- [INSTRUCTIONS FOR THE TASK]
For this exercise, return exactly the lines of the material below that begin at the one with "Apartamento de 3" and stop after the one with "Kepala Staf Angkatan".

- [DATA SHOWN]
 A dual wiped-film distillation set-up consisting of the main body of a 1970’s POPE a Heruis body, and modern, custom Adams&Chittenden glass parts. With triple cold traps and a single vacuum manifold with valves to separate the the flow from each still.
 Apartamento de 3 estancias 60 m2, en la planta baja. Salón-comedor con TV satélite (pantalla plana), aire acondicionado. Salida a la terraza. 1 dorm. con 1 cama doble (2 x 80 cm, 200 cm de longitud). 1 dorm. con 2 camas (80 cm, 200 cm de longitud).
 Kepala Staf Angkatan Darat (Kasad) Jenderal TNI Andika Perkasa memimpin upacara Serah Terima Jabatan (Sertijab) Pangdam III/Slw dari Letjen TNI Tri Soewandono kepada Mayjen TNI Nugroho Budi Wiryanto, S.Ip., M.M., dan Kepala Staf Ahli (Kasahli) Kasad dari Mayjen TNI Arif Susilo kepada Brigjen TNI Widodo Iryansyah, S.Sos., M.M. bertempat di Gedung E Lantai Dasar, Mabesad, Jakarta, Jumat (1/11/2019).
==
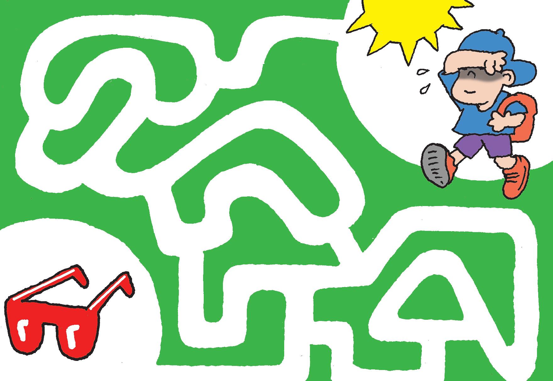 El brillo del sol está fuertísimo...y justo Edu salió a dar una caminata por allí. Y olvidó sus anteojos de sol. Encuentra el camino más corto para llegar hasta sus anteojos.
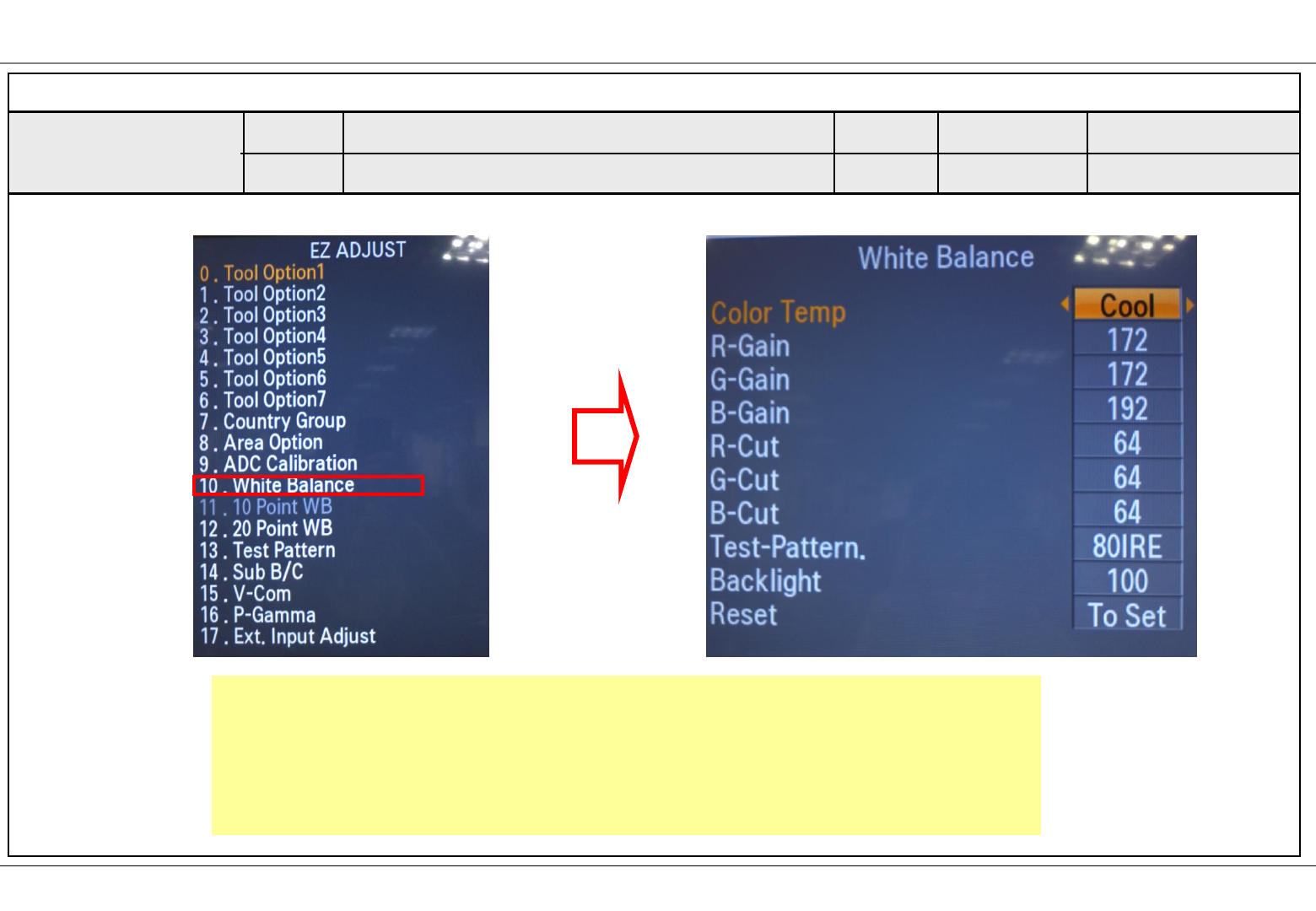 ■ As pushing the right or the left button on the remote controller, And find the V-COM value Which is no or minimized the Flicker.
...
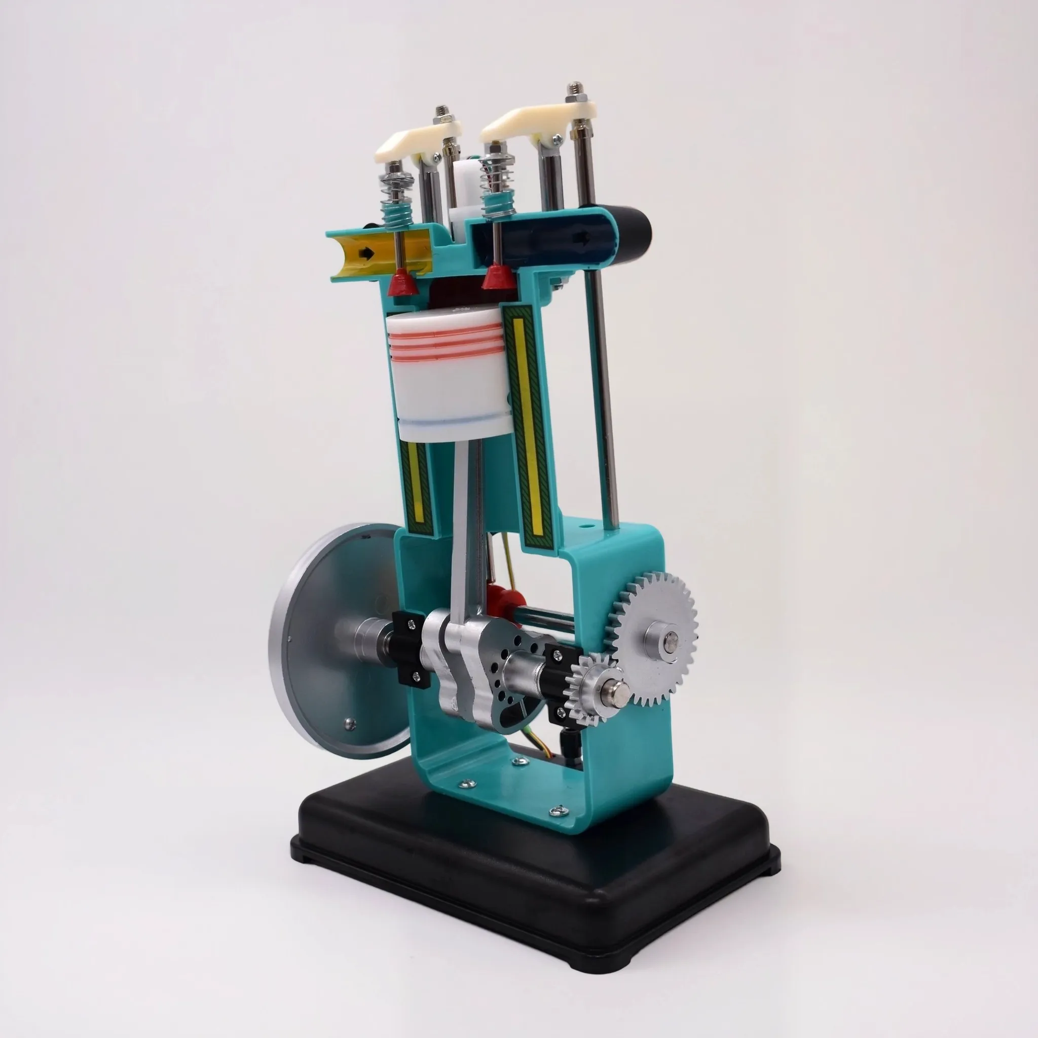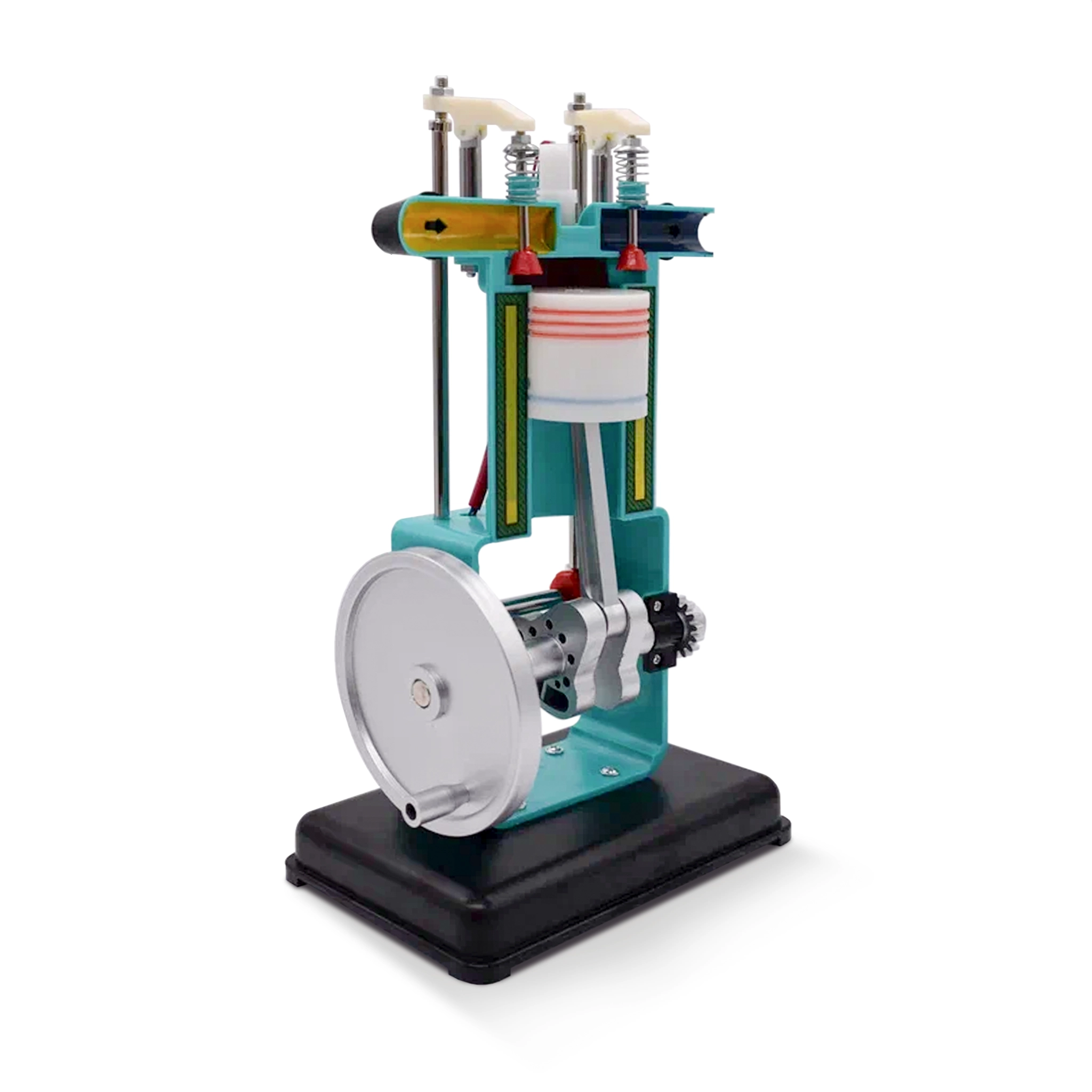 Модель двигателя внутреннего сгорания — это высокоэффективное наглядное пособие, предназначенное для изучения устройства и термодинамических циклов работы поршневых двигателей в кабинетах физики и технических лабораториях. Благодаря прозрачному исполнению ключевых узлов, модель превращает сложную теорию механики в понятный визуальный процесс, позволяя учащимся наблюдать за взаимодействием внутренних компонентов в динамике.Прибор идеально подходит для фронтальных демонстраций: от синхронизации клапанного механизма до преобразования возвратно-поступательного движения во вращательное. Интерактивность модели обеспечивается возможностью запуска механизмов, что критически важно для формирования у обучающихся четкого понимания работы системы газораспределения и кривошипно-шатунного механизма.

- [RESPONSE TO THE EXERCISE]
 Apartamento de 3 estancias 60 m2, en la planta baja. Salón-comedor con TV satélite (pantalla plana), aire acondicionado. Salida a la terraza. 1 dorm. con 1 cama doble (2 x 80 cm, 200 cm de longitud). 1 dorm. con 2 camas (80 cm, 200 cm de longitud).
 Kepala Staf Angkatan Darat (Kasad) Jenderal TNI Andika Perkasa memimpin upacara Serah Terima Jabatan (Sertijab) Pangdam III/Slw dari Letjen TNI Tri Soewandono kepada Mayjen TNI Nugroho Budi Wiryanto, S.Ip., M.M., dan Kepala Staf Ahli (Kasahli) Kasad dari Mayjen TNI Arif Susilo kepada Brigjen TNI Widodo Iryansyah, S.Sos., M.M. bertempat di Gedung E Lantai Dasar, Mabesad, Jakarta, Jumat (1/11/2019).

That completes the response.